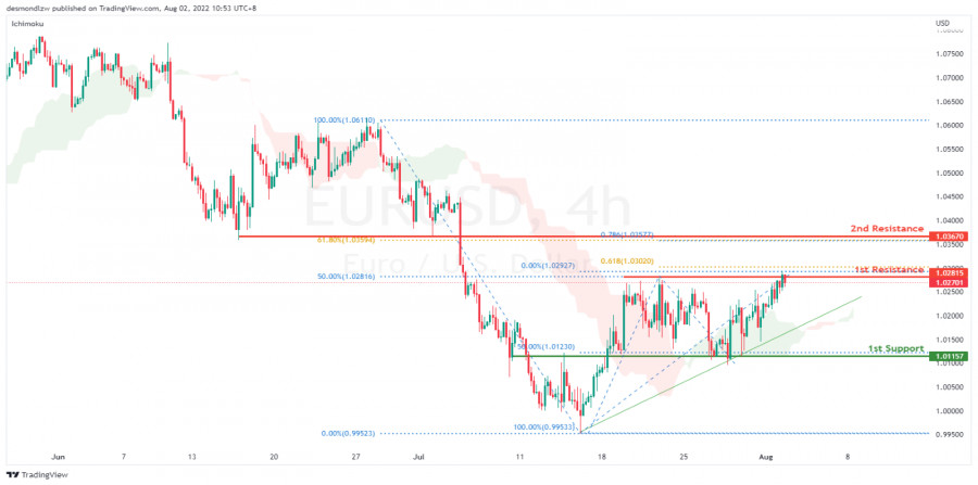 EUR/USD: сохраняется потенциал для дальнейшего роста. Прогноз на 2 августа 2022ИнстаФорекс - Instaforex, 3 года назад На 4-часовом графике пара EUR/USD завершила свой медвежий тренд и начала двигаться в восходящем направлении. Сейчас цена тестирует сопротивление на уровне 1.028, соответствующем 50% уровню коррекции Фибоначчи. Если цена продолжит торговаться в восходящем направлении, она направится ко 2-му уровню сопротивления 103.6, который также является ключевым уровнем свинг-лоу и 61.8% уровню коррекции Фибоначчи. В качестве альтернативы цена может отскочить от уровня сопротивления и протестировать 1-й уровень поддержки 1.011. Торговая рекомендация Вход: 1.208 Условия для входа: бычье направление Тейк-профит: 1.036 Условия для фиксации прибыли: уровень коррекции Фибоначчи 61.8% Стоп-лосс: 1.01 Условия для активации ордера стоп-лосс: уровень свинг-лоу, промежуточный уровень поддержки Материал предоставлен компанией InstaForex - www.instaforex.com |
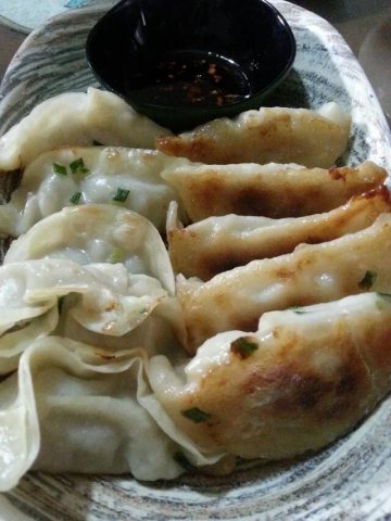 第一种:面食菜谱虾肉蟹味菇煎饺做法
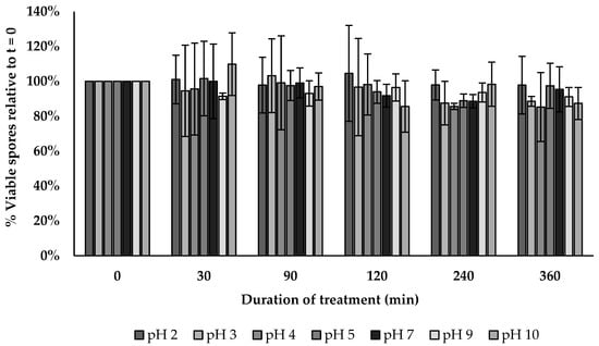 BV379 spore powder was diluted in Butterfields’s buffer to 1 × 1011 CFU/mL. The spore suspension was evenly split into seven different bottles that were adjusted to a pH of 2, 3, 4, 5, 7, 9, or 10 using hydrogen chloride or sodium hydroxide. Samples (1 mL each) were withdrawn at baseline and at 30, 90, 120, 180, 240, 300, and 360 min thereafter, serially diluted in Butterfield’s buffer, and plated on TSA. The plates were incubated overnight at 35 °C. The resulting colonies were enumerated and used to calculate the CFU/mL at each timepoint. The percent survival at each time point was calculated by comparing the CFU/mL to the baseline. The data presented are the average of two trials conducted using two different batches of BV379 spore powder (Section 2.1).
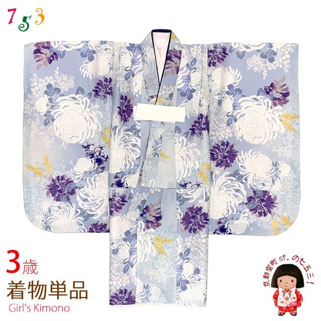 七五三 3歳 着物 女の子 身上げ 肩揚げ加工済み 襦袢付き 三つ身の着物 青灰系 白菊 TY 3 K 11 tan
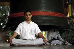 A Burmese man meditates in Myanmar. The widespread practice of meditation by laypersons is a modern development in Theravāda.
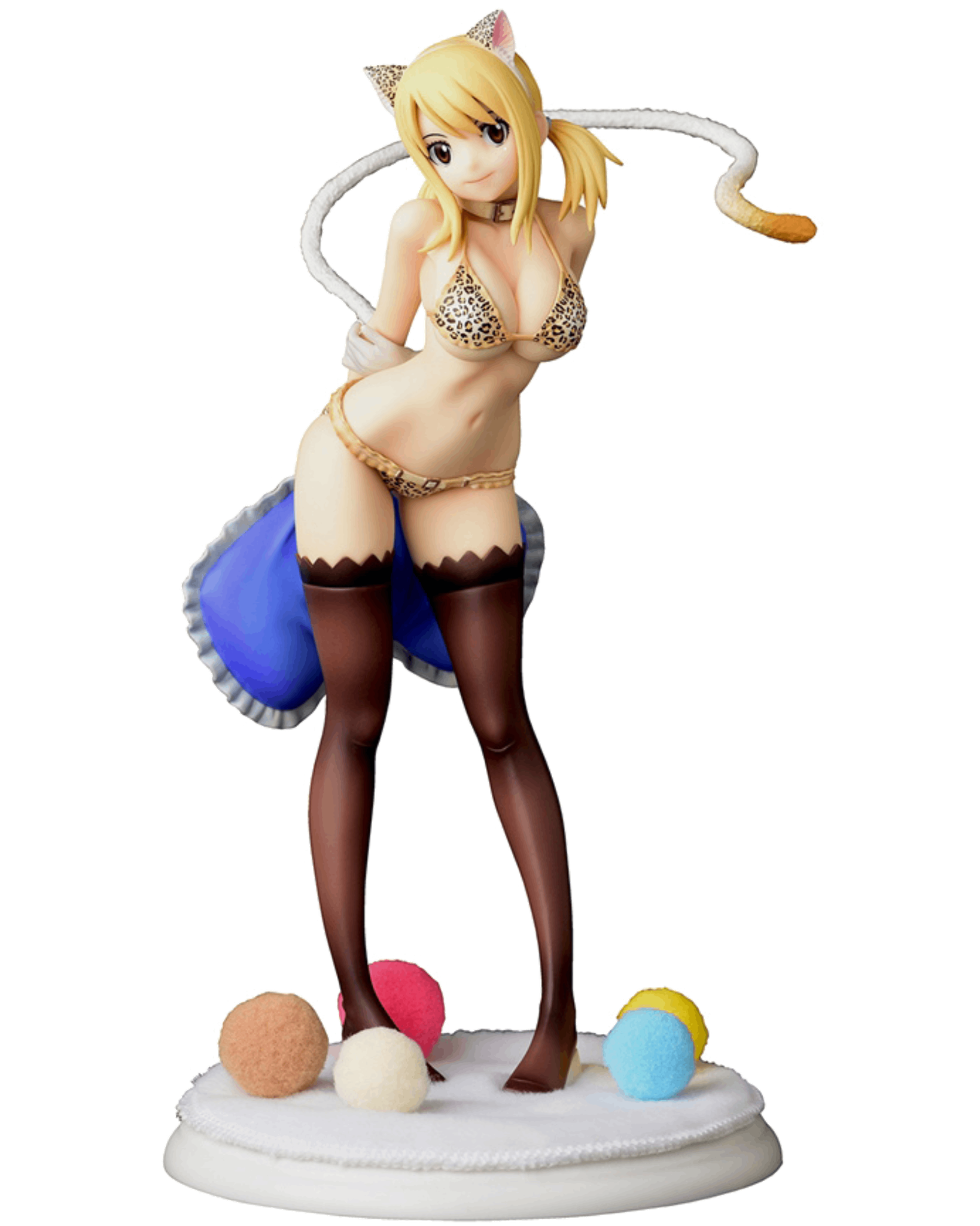 Lucy Heartfilia from "FAIRY TAIL" poses in a leopard-print cat outfit just for you! She's got a big, soft heart cushion held in one hand, as well as a cute smile -- check out that gorgeous body line, too! Her base is included, as is a piece of soft fabric to place atop the base for her to stand on, and a soft fur ball too (the fur ball is a randomly chosen color). Order her for your own collection today!
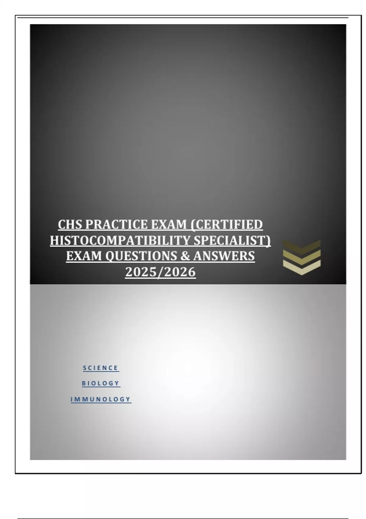 CHS PRACTICE EXAM (CERTIFIED HISTOCOMPATIBILITY SPECIALIST) EXAM QUESTIONS & ANSWERS 2025/2026 Which of the following is not a secondary lymphoid organ? a. Spleen b. Thymus c. Lymph nodes d. Liver e. Tonsils - ANS-Thymus Primary lymphatic organs are where lymphocytes are formed and mature. stem cells to divide and mature into B- and T- cells: There are two primary lymphatic organs: the red bone marrow and the thymus gland. Which of the following is not a component of the reticuloendothelial cell system? a. Microglial cells b. Kupffer cells c. Langerhans cells d. Neutrophils e. Monocytes - ANS-Neutrophils Macrophages = tissue Monocytes = blood Kupffer cells = liver Microgial cells = nervous system Langerhans = skin Not = endothelial cells, fibroblasts, and most leukocytes Opsonization is a term to describe what? a. Lysis of bacteria b. Coating of bacteria c. Ingestion of bacteria d. Killing of bacteria e. Phagocytosis - ANS-Coating of bacteria Antibody opsonization is the process by which a pathogen is marked for ingestion and eliminated by a phagocyte. Which of the following does not describe a role of antibodies in host defense? a. They serve as a bridge between bacteria and phagocytes b. They lyse bacteria c. They enhance complement binding to the bacterial cell wall d. They prevent viruses from infecting cells e. They bind pathogens in mucus secretions - ANS-They lyse bacteria MHC Class I and II molecules differ in all of the following except a. Types of T cells they stimulate b. Types of cells they are expressed on c. Which chromosome they are located on d. Types of antigens they present e. Whether or not they have foreign peptides in the antigen-binding groove - ANS-Which chromosome they are located on The primary role of the proteasome in antigen presentation is to a. Prevent premature folding of MHC class I molecules b. Process cytoplasmic proteins c. Degrade recycled MHC molecules d. Bind HLA-DM in the endosome e. Chaperone peptides to the cell surface - ANS-Process cytoplasmic proteins The main function of the proteasome is to degrade unneeded or damaged proteins by proteolysis, a chemical reaction that breaks peptide bonds. Peptides that bind to MHC class I molecules differ from peptides that bind to MHC class II molecules in all except which of the following ways? a. They are shorter b. They were processed by different proteases c. They anchor in the middle instead of the end of the MHC molecule d. They interact with different subsets of T cells - ANS-...
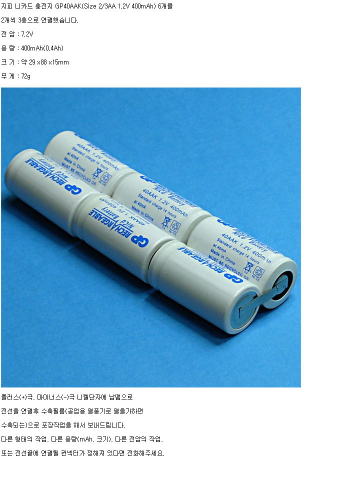 GP6N40AAK-3F(7.2V 400mAh):¼öÀÔÁß´Ü,ǰÀý!!
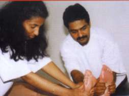 Massage, hier werden kleine Stoffbeuetel mit einer besonderen Reissorte(Navara) gefüllt, der bereits in ayurvedischen Milch gekocht wurde. Damit wird dann der ganze Körper massiert. Diese Behandlung wird bei Lähmungserscheinung und Muskel und Knochenerkrankungen angewandt. |
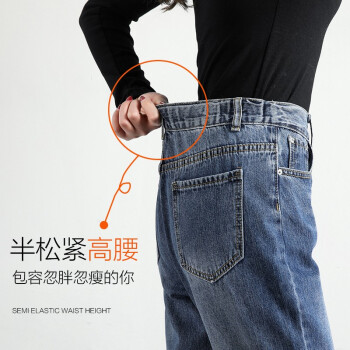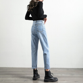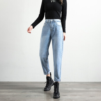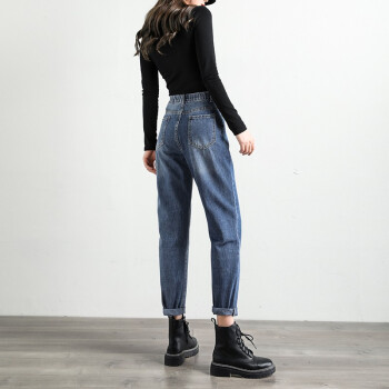 麦潮尚2020秋季新款松紧腰牛仔裤女高腰橡筋老爹裤显瘦哈伦裤子 复古蓝色 XXS建议70斤内
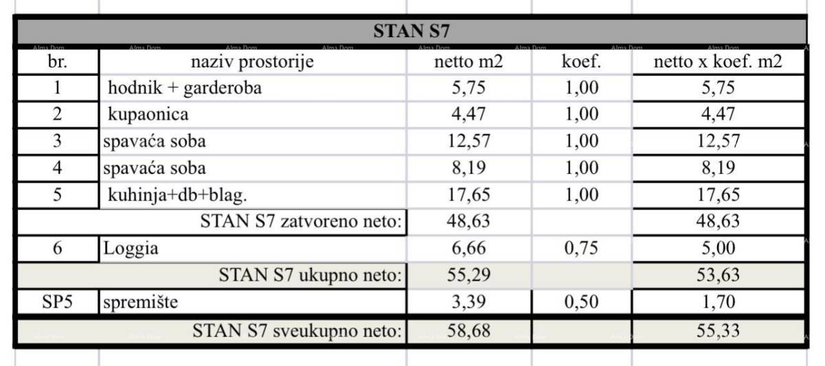 Stanu pripada spremište od 3.39 m2, kao i parkirno mjesto koji su uračunati u cijenu stana.
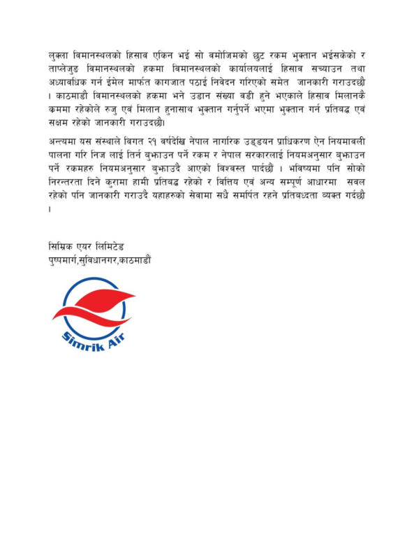 ‘सिम्रिक एयर लिमिटेडको नाममा प्राधिकरणले मिति २०८०/४/२१ गते चलानी नम्बर १७ को पत्र अनुसार ७ दिन भित्र हिसाब मिलान गर्न आउन भनी पत्राचार गरी पत्रमा दिएको मिति अगावै वदनियतपूर्ण तरिकाले, पूर्वाग्रही ढगंले, प्रतिशोध साध्ने उद्देश्यले आफ्नो अधिकारको दुरुपयोग गरी यस संस्थाको गरिमामा आँच पुर्याउने उद्देश्यले कपोकल्पित झुटा र भ्रामक समाचार सम्प्रेषण गरेकोमा यस प्रेस विज्ञप्ति बाट खण्डन गर्न चाहन्छौ’ कम्पनीले भनेको छ ।
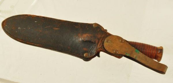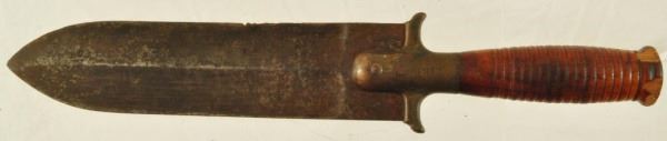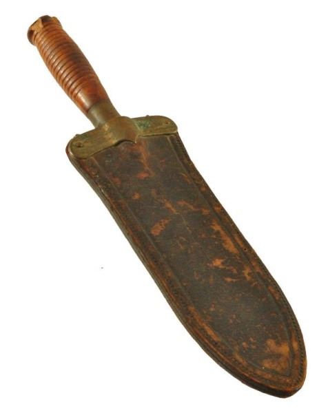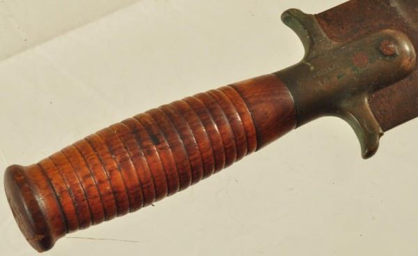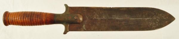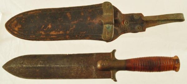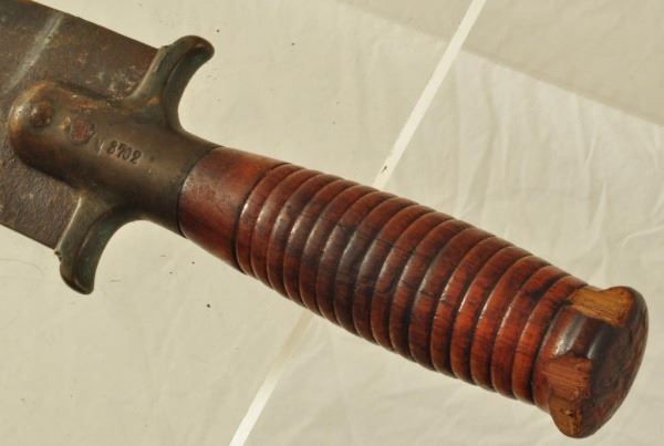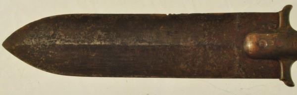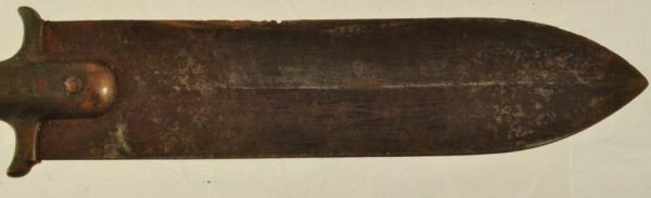 Dated 1892 on brass guard. Polished steel blade with brass guard and extensions to secure blade. Turned wood grip. Hand made Springfield Armory. Dark Leather scabbard with brass throat and belt clip. Handmade Watervlet Arsenal.
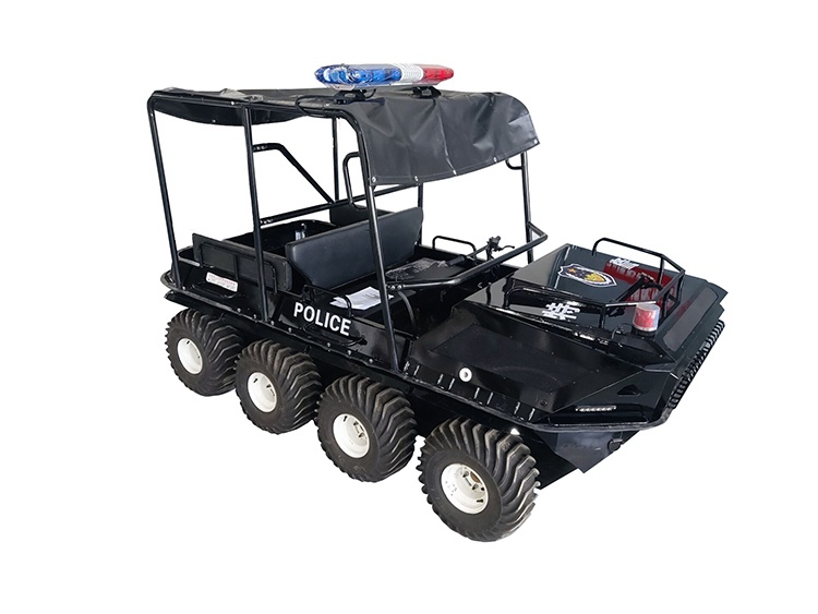 在复杂恶劣的地形条件和自然环境下,水陆两栖全地形车可以让搜救队员和携带的救援装备快速到达救援现场,减少徒步带来提供消耗,完成最后一公里最好五分钟紧急救援任务。水陆两栖全地形车可配备点到绞盘、救援担架组件、探照灯、警示灯、警报器、脱钩、破拆工具等装备, 给救援团队提供救援保障,更安全的解救伤员和疏散群众。

Task to complete → Your copy should match every record exactly and contain no pictures.

Task response →
 EUR/USD: сохраняется потенциал для дальнейшего роста. Прогноз на 2 августа 2022ИнстаФорекс - Instaforex, 3 года назад На 4-часовом графике пара EUR/USD завершила свой медвежий тренд и начала двигаться в восходящем направлении. Сейчас цена тестирует сопротивление на уровне 1.028, соответствующем 50% уровню коррекции Фибоначчи. Если цена продолжит торговаться в восходящем направлении, она направится ко 2-му уровню сопротивления 103.6, который также является ключевым уровнем свинг-лоу и 61.8% уровню коррекции Фибоначчи. В качестве альтернативы цена может отскочить от уровня сопротивления и протестировать 1-й уровень поддержки 1.011. Торговая рекомендация Вход: 1.208 Условия для входа: бычье направление Тейк-профит: 1.036 Условия для фиксации прибыли: уровень коррекции Фибоначчи 61.8% Стоп-лосс: 1.01 Условия для активации ордера стоп-лосс: уровень свинг-лоу, промежуточный уровень поддержки Материал предоставлен компанией InstaForex - www.instaforex.com |
 第一种:面食菜谱虾肉蟹味菇煎饺做法
 BV379 spore powder was diluted in Butterfields’s buffer to 1 × 1011 CFU/mL. The spore suspension was evenly split into seven different bottles that were adjusted to a pH of 2, 3, 4, 5, 7, 9, or 10 using hydrogen chloride or sodium hydroxide. Samples (1 mL each) were withdrawn at baseline and at 30, 90, 120, 180, 240, 300, and 360 min thereafter, serially diluted in Butterfield’s buffer, and plated on TSA. The plates were incubated overnight at 35 °C. The resulting colonies were enumerated and used to calculate the CFU/mL at each timepoint. The percent survival at each time point was calculated by comparing the CFU/mL to the baseline. The data presented are the average of two trials conducted using two different batches of BV379 spore powder (Section 2.1).
 七五三 3歳 着物 女の子 身上げ 肩揚げ加工済み 襦袢付き 三つ身の着物 青灰系 白菊 TY 3 K 11 tan
 A Burmese man meditates in Myanmar. The widespread practice of meditation by laypersons is a modern development in Theravāda.
 Lucy Heartfilia from "FAIRY TAIL" poses in a leopard-print cat outfit just for you! She's got a big, soft heart cushion held in one hand, as well as a cute smile -- check out that gorgeous body line, too! Her base is included, as is a piece of soft fabric to place atop the base for her to stand on, and a soft fur ball too (the fur ball is a randomly chosen color). Order her for your own collection today!
 CHS PRACTICE EXAM (CERTIFIED HISTOCOMPATIBILITY SPECIALIST) EXAM QUESTIONS & ANSWERS 2025/2026 Which of the following is not a secondary lymphoid organ? a. Spleen b. Thymus c. Lymph nodes d. Liver e. Tonsils - ANS-Thymus Primary lymphatic organs are where lymphocytes are formed and mature. stem cells to divide and mature into B- and T- cells: There are two primary lymphatic organs: the red bone marrow and the thymus gland. Which of the following is not a component of the reticuloendothelial cell system? a. Microglial cells b. Kupffer cells c. Langerhans cells d. Neutrophils e. Monocytes - ANS-Neutrophils Macrophages = tissue Monocytes = blood Kupffer cells = liver Microgial cells = nervous system Langerhans = skin Not = endothelial cells, fibroblasts, and most leukocytes Opsonization is a term to describe what? a. Lysis of bacteria b. Coating of bacteria c. Ingestion of bacteria d. Killing of bacteria e. Phagocytosis - ANS-Coating of bacteria Antibody opsonization is the process by which a pathogen is marked for ingestion and eliminated by a phagocyte. Which of the following does not describe a role of antibodies in host defense? a. They serve as a bridge between bacteria and phagocytes b. They lyse bacteria c. They enhance complement binding to the bacterial cell wall d. They prevent viruses from infecting cells e. They bind pathogens in mucus secretions - ANS-They lyse bacteria MHC Class I and II molecules differ in all of the following except a. Types of T cells they stimulate b. Types of cells they are expressed on c. Which chromosome they are located on d. Types of antigens they present e. Whether or not they have foreign peptides in the antigen-binding groove - ANS-Which chromosome they are located on The primary role of the proteasome in antigen presentation is to a. Prevent premature folding of MHC class I molecules b. Process cytoplasmic proteins c. Degrade recycled MHC molecules d. Bind HLA-DM in the endosome e. Chaperone peptides to the cell surface - ANS-Process cytoplasmic proteins The main function of the proteasome is to degrade unneeded or damaged proteins by proteolysis, a chemical reaction that breaks peptide bonds. Peptides that bind to MHC class I molecules differ from peptides that bind to MHC class II molecules in all except which of the following ways? a. They are shorter b. They were processed by different proteases c. They anchor in the middle instead of the end of the MHC molecule d. They interact with different subsets of T cells - ANS-...
 GP6N40AAK-3F(7.2V 400mAh):¼öÀÔÁß´Ü,ǰÀý!!
 Massage, hier werden kleine Stoffbeuetel mit einer besonderen Reissorte(Navara) gefüllt, der bereits in ayurvedischen Milch gekocht wurde. Damit wird dann der ganze Körper massiert. Diese Behandlung wird bei Lähmungserscheinung und Muskel und Knochenerkrankungen angewandt. |
 麦潮尚2020秋季新款松紧腰牛仔裤女高腰橡筋老爹裤显瘦哈伦裤子 复古蓝色 XXS建议70斤内
 Stanu pripada spremište od 3.39 m2, kao i parkirno mjesto koji su uračunati u cijenu stana.
 ‘सिम्रिक एयर लिमिटेडको नाममा प्राधिकरणले मिति २०८०/४/२१ गते चलानी नम्बर १७ को पत्र अनुसार ७ दिन भित्र हिसाब मिलान गर्न आउन भनी पत्राचार गरी पत्रमा दिएको मिति अगावै वदनियतपूर्ण तरिकाले, पूर्वाग्रही ढगंले, प्रतिशोध साध्ने उद्देश्यले आफ्नो अधिकारको दुरुपयोग गरी यस संस्थाको गरिमामा आँच पुर्याउने उद्देश्यले कपोकल्पित झुटा र भ्रामक समाचार सम्प्रेषण गरेकोमा यस प्रेस विज्ञप्ति बाट खण्डन गर्न चाहन्छौ’ कम्पनीले भनेको छ ।
 Dated 1892 on brass guard. Polished steel blade with brass guard and extensions to secure blade. Turned wood grip. Hand made Springfield Armory. Dark Leather scabbard with brass throat and belt clip. Handmade Watervlet Arsenal.
 在复杂恶劣的地形条件和自然环境下,水陆两栖全地形车可以让搜救队员和携带的救援装备快速到达救援现场,减少徒步带来提供消耗,完成最后一公里最好五分钟紧急救援任务。水陆两栖全地形车可配备点到绞盘、救援担架组件、探照灯、警示灯、警报器、脱钩、破拆工具等装备, 给救援团队提供救援保障,更安全的解救伤员和疏散群众。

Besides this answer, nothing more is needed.